Process.start: how to get the output?

1: Synchronous example

static void runCommand() {
Process process = new Process();
process.StartInfo.FileName = "cmd.exe";
process.StartInfo.Arguments = "/c DIR"; // Note the /c command (*)
process.StartInfo.UseShellExecute = false;
process.StartInfo.RedirectStandardOutput = true;
process.StartInfo.RedirectStandardError = true;
process.Start();
//* Read the output (or the error)
string output = process.StandardOutput.ReadToEnd();
Console.WriteLine(output);
string err = process.StandardError.ReadToEnd();
Console.WriteLine(err);
process.WaitForExit();
}

Note that it's better to process both output and errors: they must be handled separately.

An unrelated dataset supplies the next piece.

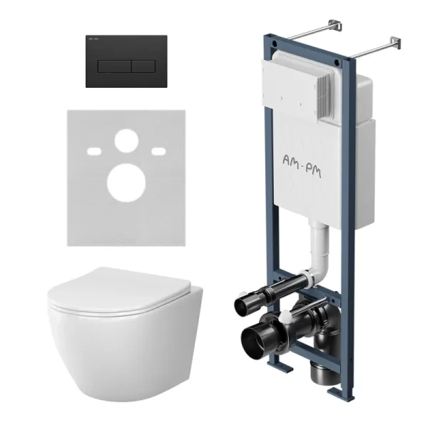 Комплект унитаза с инсталляцией AM.PM Like IS110338.801900 с сиденьем Микролифт и клавишей смыва чернойМаксимально полный комплект поставки, включающий все необходимые крепления, патрубки, звукоизолирующую прокладку. Экономия пространства благодаря узкой раме 352 мм шириной. Подходит даже для самых малогабаритных ванных комнат. Заливной клапан с низким уровнем шума - Класс II, согласно европейского стандарта EN 14124. Выдерживает нагрузку до 400 кг. Подходит для унитазов любых размеров. Высокая прочность и износостойкость Увеличенная толщина профиля, двойные прокладки слива и подачи воды Подключение воды сзади сверху. В комплекте механическая двухрежимная клавиша из ABS пластика в цвете черный матовый. Подвесной унитаз Like c технологией смыва AquaSpin. Новая инновационная система использует вихревой поток воды для самого эффективного очищения чаши унитаза. Эта технология обеспечивает более качественное омывание чаши, чем традиционные системы смыва, и при этом экономит воду до 50 %. Кроме того, она снижает уровень шума при смыве и исключает брызги воды, что делает использование унитаза более комфортным и гигиеничным. В комплекте быстросъемное сиденье из дюропласта с механизмом плавного закрывания. Материал сиденья дюропласт, устойчивый к появлению царапин, в сочетании с креплениями из нержавеющей стали гарантируют долговечность сиденья.

(*) For some commands (here

StartInfo.Arguments

) you must add the

/c

directive, otherwise the process freezes in the

WaitForExit()

.

2: Asynchronous example

static void runCommand() {
//* Create your Process
Process process = new Process();
process.StartInfo.FileName = "cmd.exe";
process.StartInfo.Arguments = "/c DIR";
process.StartInfo.UseShellExecute = false;
process.StartInfo.RedirectStandardOutput = true;
process.StartInfo.RedirectStandardError = true;
//* Set your output and error (asynchronous) handlers
process.OutputDataReceived += new DataReceivedEventHandler(OutputHandler);
process.ErrorDataReceived += new DataReceivedEventHandler(OutputHandler);
//* Start process and handlers
process.Start();
process.BeginOutputReadLine();
process.BeginErrorReadLine();
process.WaitForExit();
}
static void OutputHandler(object sendingProcess, DataReceivedEventArgs outLine) {
//* Do your stuff with the output (write to console/log/StringBuilder)
Console.WriteLine(outLine.Data);
}

If you don't need to do complicate operations with the output, you can bypass the OutputHandler method, just adding the handlers directly inline:

//* Set your output and error (asynchronous) handlers
process.OutputDataReceived += (s, e) => Console.WriteLine(e.Data);
process.ErrorDataReceived += (s, e) => Console.WriteLine(e.Data);